Wednesday, June 20, 2012

Helping Vets with Coronary Issues

The Veterans Administration is working with the University of Iowa on a pilot program to survey patients as to their behaviors related to the management of heart disease and how the veterans should make healthy lifestyle changes.

Coronary Heart Disease (CHD) is a significant health threat among veterans. Compared to their civilian counterparts, veterans experience greater disability, reinfarction, and mortality following Myocardial Infarction (MI) and other Acute Coronary Syndromes (ACS). High rates of hypertension, diabetes, cardiac risk behaviors, and low socioeconomic status further increase veterans’ CHD-related morbidity and mortality.

The Veterans Administration’s proposed pilot study will look at whether it is feasible to provide nursing intervention to help veterans with CHD who are recovering from MI/ACS. The objective is to change veterans and their ideas on how to self-manage heart disease and how to facilitate health behavior changes.

The study will work with two groups of veterans with an estimated enrollment of 50 that have been admitted to an inpatient medicine unit for MI, ACS, and coronary angiography.
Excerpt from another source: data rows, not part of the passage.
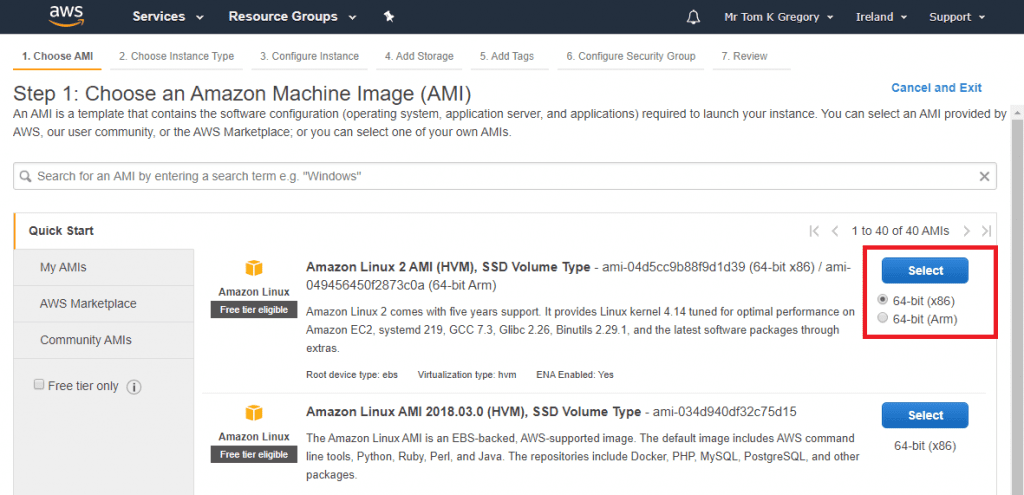 Go to Services > EC2 and click the Launch instance button. Select an Amazon Machine Image (AMI) to use, such as Amazon Linux 2 AMI (HVM), SSD Volume Type, then click Select.
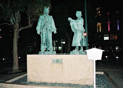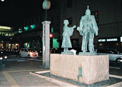 長浜駅前に建立されている立った武将に茶を差し出す小姓。喉が渇いて茶を欲した秀吉に、観音寺の小姓であった三成がぬるいお茶をなみなみと出した後、もう一杯を所望すると少し熱めの茶を少し小ぶりの器で出した。次が気になった秀吉がもう一杯茶を所望すると熱い茶を小ぶりの器で出したことに対し、小姓の心配りを褒め称え、後に五奉行の一人となるまでに取り立てた石田三成との出会いとされる〝三献の茶〟の逸話を偶像化したものになります。
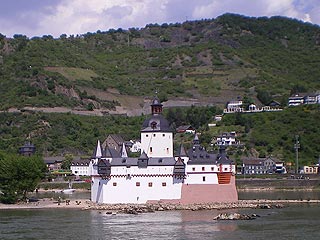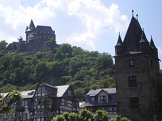 Az időhiány és a várak nagy száma nem tette leheté, hogy minden egyes várat belülről is megnézzünk, ezért a külső szemlélődés mellett döntöttünk. Több kisebb vár után érünk egy Bacharach nevű kisvárosba, aminek óvárosát érdemes megnézni. Csak itt hat különböző kastélyt vagy várat számoltam össze. A kikötő közelében egy nagy hordóra festett szöveg jelzi mindenkinek (aki nem tudná), hogy Bacharach Weinstadt, azaz a borok városa. Az egyik legérdekesebb fekvésű vár a Burg Pfalzgrafenstein következik ezután. Ez a vár a folyó egy kis szigetét gyakorlatilag teljes egészében elfoglalja. Ideális helynek igérkezett arra, hogy a sziget birtokosa a folyón haladó hajóktól vámot szedjen. Ezt a helybeliek évszázadokon keresztül ki is használták.
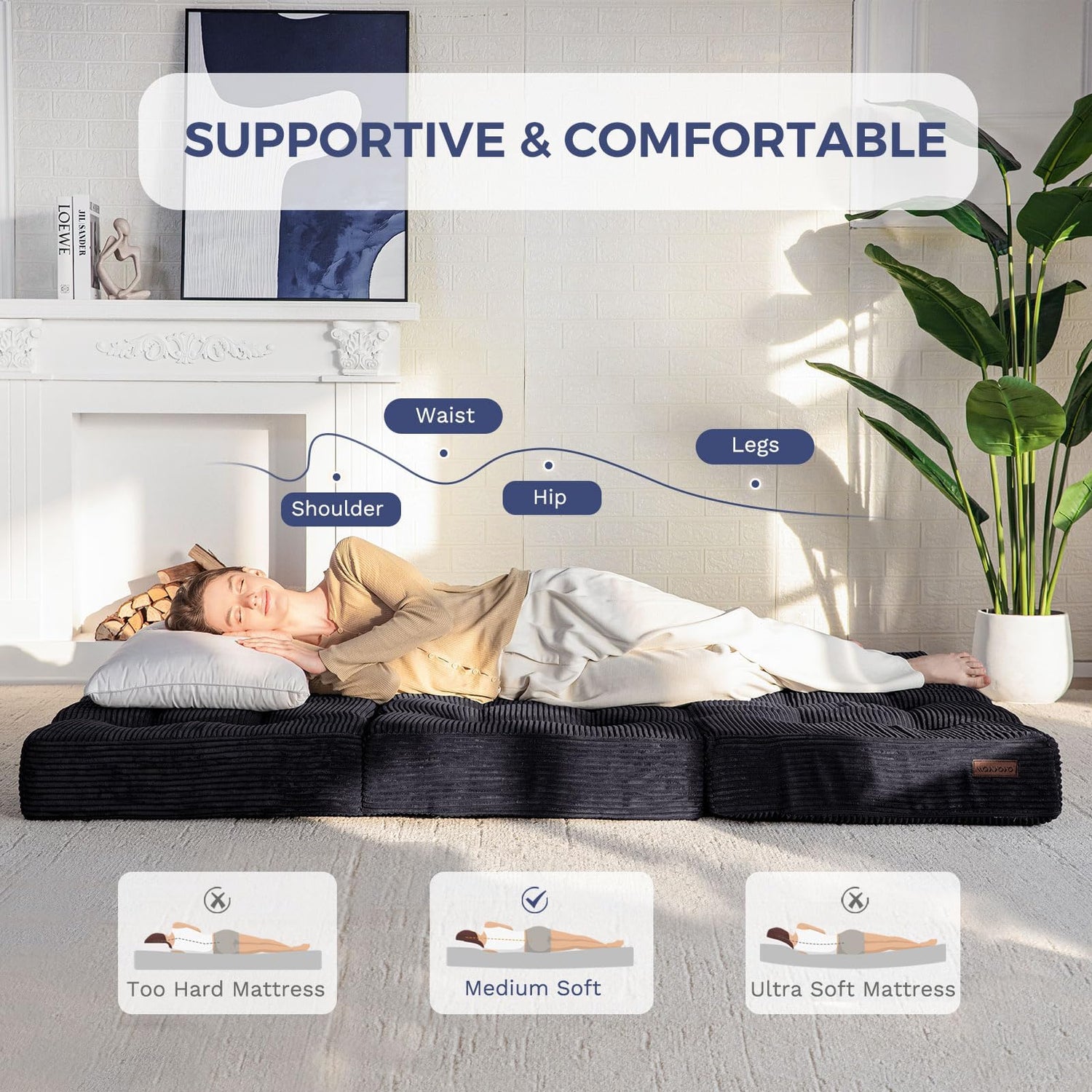 - Tufted Craft Design: The topper of the foldable triple-fold mattress, made of ultra-soft and breathable corduroy fabric on the top, can keep you feeling fresh. The tufted crafting design adds a personalized style to the foldable mattress and also brings fun to your life
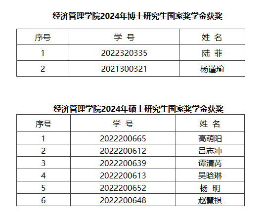 2024年研究生国家奖学金获奖名单。现公示如下:

One group will receive the usual care but the other group will have their treatment tailored to their risk factors. They will be contacted by phone at two weeks after their hospital discharge. The intervention will be administered by a trained research assistant working with each veteran. Each call will last about 15-to 30 minutes. For more information, email Cassie L. Cunningham at cassie.cunningham@va.gov or go to http://clinicaltrials.gov/ct2/show/NCT01566214.

The VA is conducting another pilot intervention to improve blood pressure and cholesterol control among veterans with CAD. If patients with CAD would control their blood pressure and cholesterol, then heart attacks would be reduced and there would be fewer deaths.

A number of factors hinder veterans’ ability to control their behavior. These factors include patients that have difficulty adhering to medications, physician reluctance to increase medication doses to effective levels, and a lack of clinical programs specifically charged with controlling blood pressure and cholesterol.

The VA’s HSR&D study to be completed by June 2016 will take place at the VA Eastern Colorado Health Care System located in Denver. The researchers are examining the number of VA patients that have CAD with uncontrolled blood pressure and high cholesterol with information available to them via electronic patient data. The VA will assess the patient, physician, and program factors that affect the control, and then design a program to improve the factors that are creating health issues.